- Original film poster
- Directed by: Bruno Corbucci
- Written by: Luigi Carpentieri
- Produced by: Luigi Carpentieri Ermanno Donati
- Starring: Lando Buzzanca
- Cinematography: Alessandro D'Eva
- Music by: Bruno Canfora
- Release date: March 1966;
- Running time: 92 minutes
- Countries: France Italy
- Language: Italian

= James Tont operazione D.U.E. =

1966 film

James Tont operazione D.U.E. or The Wacky World of James Tont is a 1966 spy film spoof based on James Bond's Thunderball and featuring elements predating the release of You Only Live Twice. Directed by Bruno Corbucci, the Eurospy spy-fi comedy adventure is the sequel to James Tont operazione U.N.O. (1965). Lando Buzzanca reprises his role as 00 Agent James Tont, a satire of James Bond and Loris Gizzi as the black monocle-wearing supervillain spoof of Emilio Largo.

Following this film Corbucci wrote a parody of Our Man Flint called Il vostro super agente Flit (1966), directed by Mariano Laurenti.

==Plot==
After foiling a Soviet break in at the Embassy of the United Kingdom in Moscow, Her Majesty's Secret Service Agent James Tont is invited to speak at an International Secret Agents Convention in Geneva. With apologies read from James Bond for being absent due to his being involved in Operation Thunderball, Tont defends the modern "Supermen of the Secret Service" agents against the more Old Guard of traditional spies and intelligence agents whilst simultaneously evading several Soviet assassination attempts during his speech. Following his well received speech, Tont is tripped by a child spy working with the sister of Mata Hari, an agent of the Old Guard. Tont falls down a flight of stairs incurring a leg injury that leads him to be treated at a health spa.
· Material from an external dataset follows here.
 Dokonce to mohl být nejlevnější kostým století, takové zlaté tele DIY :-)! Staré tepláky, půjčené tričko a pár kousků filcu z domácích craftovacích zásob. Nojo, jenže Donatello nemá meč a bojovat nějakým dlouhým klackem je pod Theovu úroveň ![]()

Another patient present at the health spa is Mr. Spring, the head of the Magnus international food corporation. Unknown to each other, Spring is also the secret head of an unnamed criminal organisation. Spring and Tont become rivals for the romantic attention of Nurse Clarissa with each attempting to injure or kill each other when engaged in their therapeutic treatments. Spring appears to be the winner when Tont is found frozen to death inside an isolation tank that Nurse Clarissa placed him in.
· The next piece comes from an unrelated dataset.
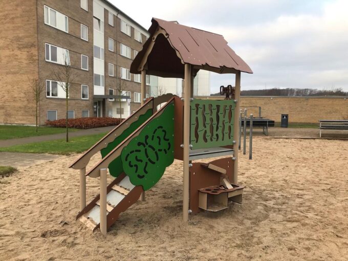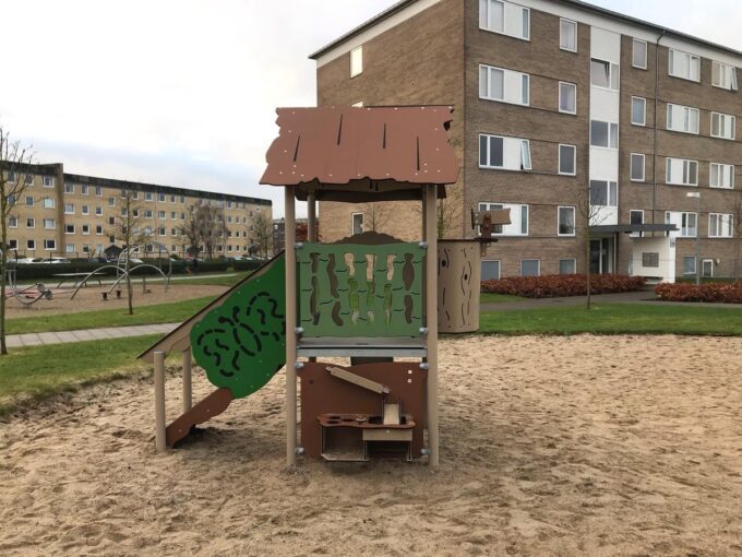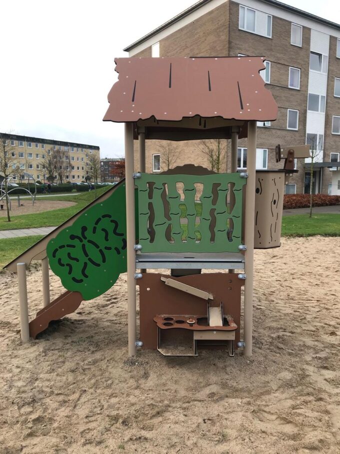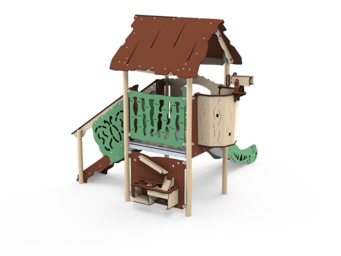 Atox hat eine Bodenhöhe von 90 cm. Die Spielanlage ist mit einem Dach ausgestattet, das Kindern den Eindruck vermittelt, sie wären in einer Hütte und einem Spielhaus. Das Dach schützt vor Wind und Wetter und spendet zudem Schatten. Auf Bodenhöhe befindet sich die Küche, die sich dank imaginärer Töpfe und Pfannen bestens für Rollenspiele eignet. Was wollen wir backen? Und wann essen wir?

The British Secret Service revives Tont who has only been cryogenically frozen but uses his well publicised death to enable him to infiltrate a criminal scheme to attack an unknown religious centre in a project called "Operazione D.U.E./Operation T.W.O.". The organisation is also attempting to steal components to assemble a powerful weapon called a synchrophasotron.
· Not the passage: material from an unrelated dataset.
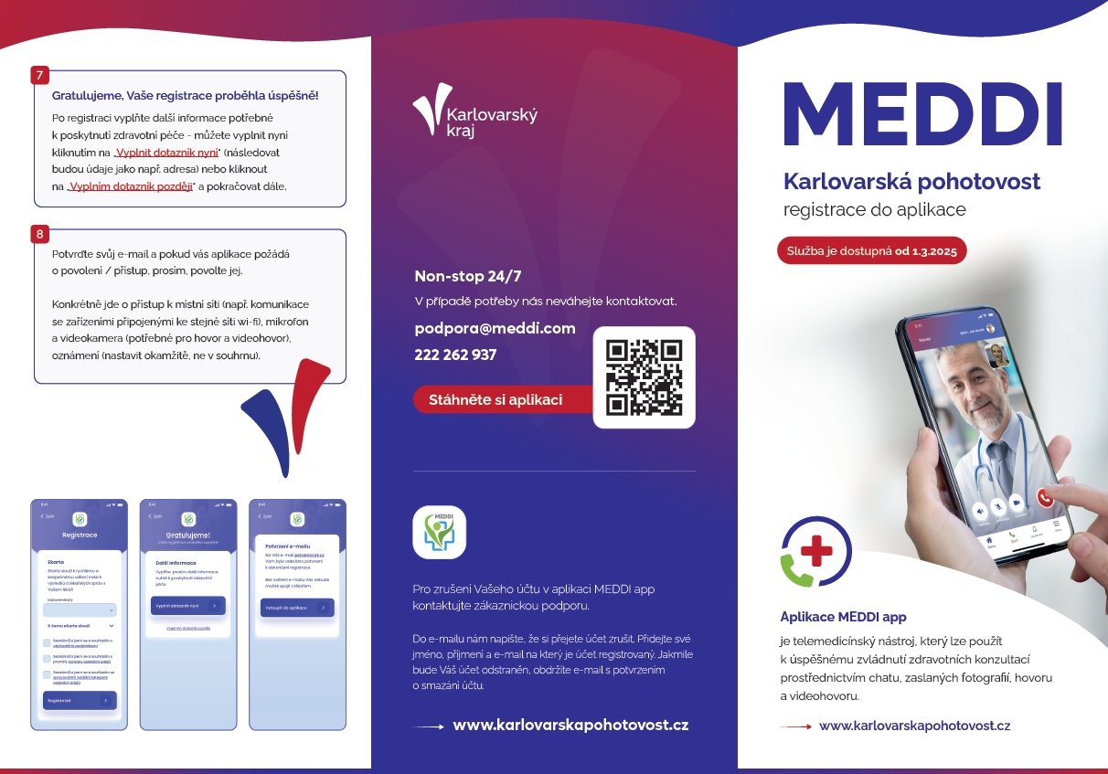Mobilní aplikace se jmenuje MEDDI.app (doporučujeme proklik z webové stránky www.karlovarskapohotovost.cz kde je možnost její stažení pro Google play i App store)

Tont travels to London disguised as a beatnik named "Bingo Kowalski" in order to infiltrate a group of young hipsters suspected in stealing the first component of the weapon. At the Blue Dolphin discotheque Tont successfully seduces Helen, Spring's agent who has used the beatniks to steal the second component of the weapon. Tont further infiltrates Spring's organisation to take the identity of one of Spring's operatives who replaces an American astronaut. Spring's scheme is for his agent to hijack an American space capsule launched from Cape Kennedy that contains the final element needed to create the synchrophasertron.

Using advanced electronic devices aboard Spring's yacht also named the Blue Dolphin, Tont's space capsule is brought down to be recovered by Spring. Spring and his cohorts pass the time by playing a James Bond board game. Identified by Spring's men, Tont is captured but discovers "Operazione D.U.E." means "Destruction Urbi Eterna", the destruction of the Eternal City; specifically Spring's plan to steal the treasures of the Vatican and destroy St. Peter's Basilica.